Away from the idea of singularity and opposition, our work comprehends how we discover the present within the past and realize the past within the present. We study how our histories, not necessarily linear, directional, or unitary, relate to other Beings of the present, past, and future.

Introduction, Min Park, 2021

Introduction


This project started in March of 2020. Though at various intensities and places, the past year has uprooted us all—from cities, people, and values. These changes prompt questions surrounding what we are used to calling “normal,” and necessitate a new normal. How or where do we start such a change when our understanding of the past, present, and future is unsettled? Where do we re-root ourselves?

Throughout this project, we contemplate how the archive is used to understand history; how it is constantly rebuilding upon the continuum of time, and yet providing us a sense of home, of being rooted, and of belonging. The concept of the archive itself has opened to various possibilities with digitization in recent years, and in the same way, the notion of the archive as we worked through this project has changed tremendously. Our understanding of the archive has shifted from an objective, static, and almost monumental material space of recounting to a dynamic and subjective action of reworking and remembering.

Away from the idea of singularity and opposition, our work comprehends how we discover the present within the past and realize the past within the present. We study how our histories, not necessarily linear, directional, or unitary, relate to other Beings of the present, past, and future. Some works are a direct reflection of these new circumstances: an earnest recollection of values, culture, places, and people we identify as home, and the changes we experience in the way we define home. Others lean into the uncomfortable places we reside in but cannot call home. We meditate on how we are connected—through time and space, through language, and through translation, between languages and mediums.

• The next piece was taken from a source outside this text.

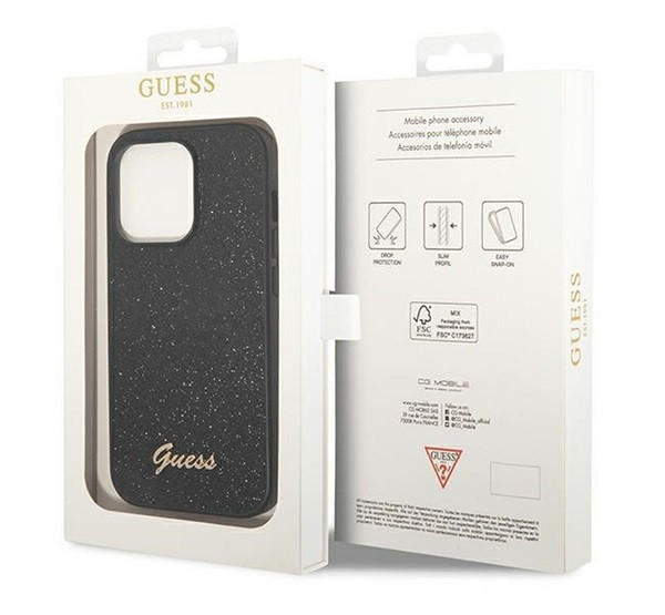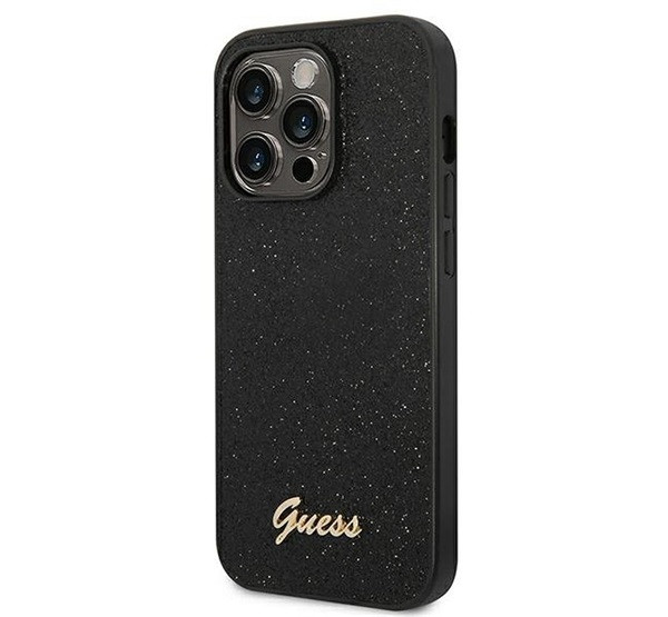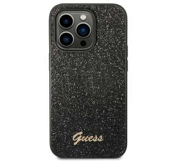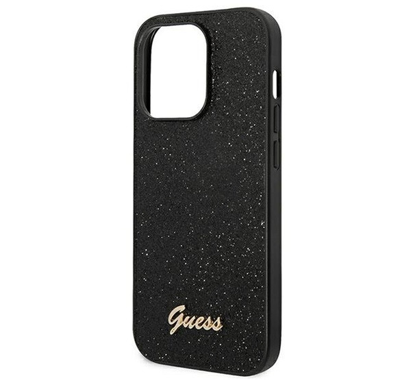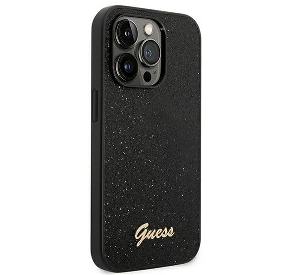 Guess Glitter Flakes Metal Logo Apple iPhone 14 Pro hátlap tok, fekete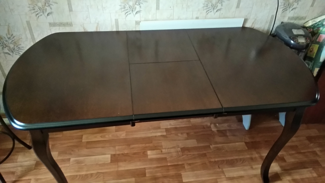 Покупали этот стол в этом магазине ещё до кризисного падения рубля. Как ни странно, а в цене он мало подорожал, на пару тысяч (получается, что я переплатил в своё время :-) ). Стол очень нравится, лёгкий и крепкий. Сделан аккуратно. Цвет столешницы не соответствует по тону каркаса (на фото видно), но мне нравиться, и всё равно скатерть сверху. Столешница шпаклёвана под однородно ровное цветовое покрытие и лакирована. Первый раз этот стол в грузовой компании разбили. Увезли обратно. А магазин отправил повторно новый стол. Всегда распаковывайте и осматривайте внешний вид. Магазин хороший, решил ещё один вопрос с браком другого стола в нашу пользу и без нареканий. Что-нибудь понравится, возьмём здесь, главное дело вкуса.

Indian scripture Ashtavakra Gita writes, “In me, the shoreless ocean, let the waves of the universe rise and fall as they will. I am neither enhanced nor diminished.” Project Archive paints the ocean which we share. Up close, these waves seem to be acting independently; our waves flow, rise, sink, begin, and end. But from afar, they are constantly building upon each other, all as a part of the ocean. Though this project began with my personal desire to archive, to create a record of my story, it has developed into a shared purpose among the twenty-one of us to understand our collective history beyond our senses of self. We step away from the idea of the “I” and embrace the idea of the unity, of the collective. We embrace the idea of the reciprocity in everything we do: how to touch means to be touched, to see means to be seen, and to love means to be loved.

Walter Benjamin, in On the Concept of History asks, “Are we not touched by the same breath of air which was among that which came before?” Throughout this project, we record how our waves meet one another—or the shared breath of air. Project Archive is a place of meeting—where interlockings of inspirations and talents, of people, of time, and of similarities and differences manifest. It is our response and our offering to the world.